Lingumi has raised $649,870 from LocalGlobe for an app that teaches preschoolers foreign languages.
Education marketplace Fastudent has raised an undisclosed amount of funding from Kanwaljit Sing, Ajay Lakhotia, Pavan Ongole, and Ashish Gupta.
LIQVID eLearning Services has raised an undisclosed amount of funding from Gray Matters Capital.
I’m not sure what’s happening with the Ning acquisition. It’s not clear Ning really has a clue either.
Cengage has acquired WebAssign. Terms of the deal were not disclosed.
Geisinger Health Systems plans to buy Commonwealth Medical College. Terms of the deal were not disclosed.

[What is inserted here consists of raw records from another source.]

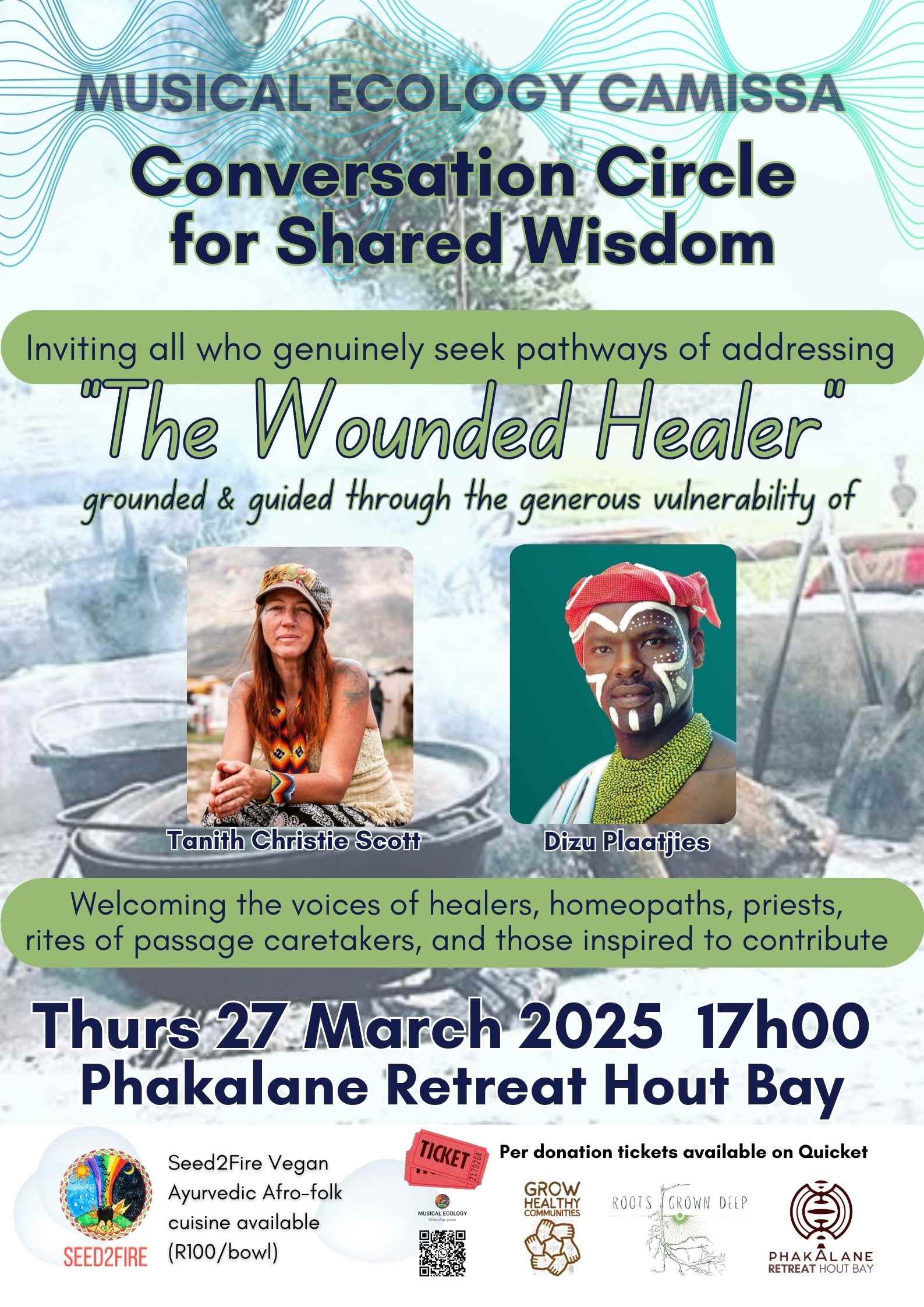 Join us in this fireside conversation circle in the beautiful indigenous garden of the Phakalane Retreat space. Anchored by Tanith Christie Scott and Dizu Plaatjies, we also welcome the voices of healers, homeopaths, priests, rites of passage caretakers, and all inspired to contribute in kind authenticity.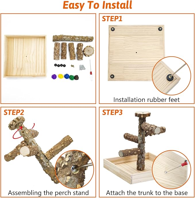 - Easy To Install & Clean: Quick assembly with mini hex key connects perch to tray. Effortless disassembly enables easy cleaning. Bird play stand perfect for indoor areas, keeping your space tidy while enjoying time with your feathered friend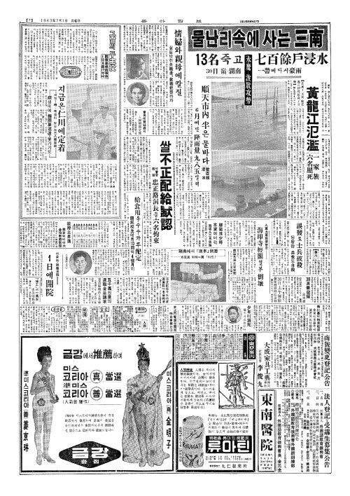 - 順天市內半(순천시내반)은 물바다 數百棟浸水(삭백동침수)
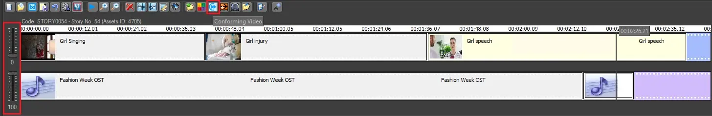 2. Press the [ Conforming] button from the toolbar, it will be created a new "asset" made up of a single media resulting from the conforming of all the media segments.
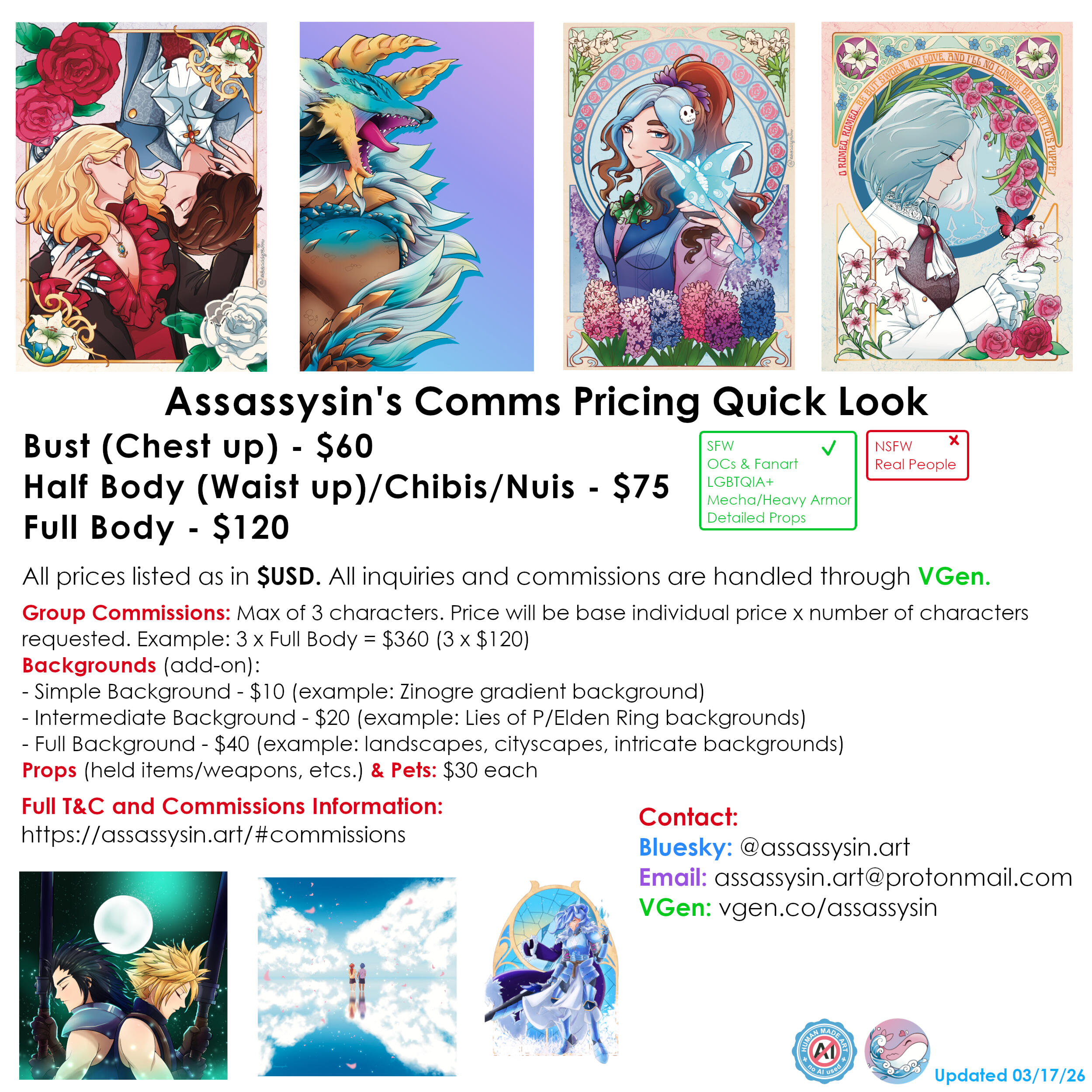Please check Pricing prior to requesting a Commission!Additionally, "Open for Inquiry" does not guarantee a commission spot. Depending on my current workload, I may decline your commission or work out a completion date in the future.

“The educational technology company Amplify is spinning off a service known as School by Design into a new, separate business that will provide schools with data and technical assistance focused on financial and instructional strategy,” EdWeek reports.
Data, Privacy, and Surveillance
Snapchat has rebranded and introduced Spectacles, glasses with an integrated camera that uploads your photos to Snapchat. I hope you got your ISTE proposals on “Surveilling Students with Snapchat Spectacles” in on time! (Just resubmit the ones about Google Glass, right?)
Via ProPublica, the first in its “Breaking the Black Box” series: “What Facebook Knows About You.”
Via Ars Technica: “As we speak, teen social site is leaking millions of plaintext passwords.” The site in question: i-Dressup.
There’s more on privacy legislation in the politics section above.
Data and “Research”
Via Inside Higher Ed: “Study: Remedial Education Costs Students $1.3B.”
Via InfoDocket: “New Reports: Trends on Use of Public Libraries, Reading Habits, and Bookstores in U.S.”
From the Department of Education’s press release: “National Student Loan Cohort Default Rate Declines Steadily.”
“Have Student Loan Guaranty Agencies Lost Their Way?” asks The Century Foundation in a report that suggests they are “severely diverging from their missions.”
Via NPR: “Bias Isn’t Just A Police Problem, It’s A Preschool Problem.” It’s an everyone problem.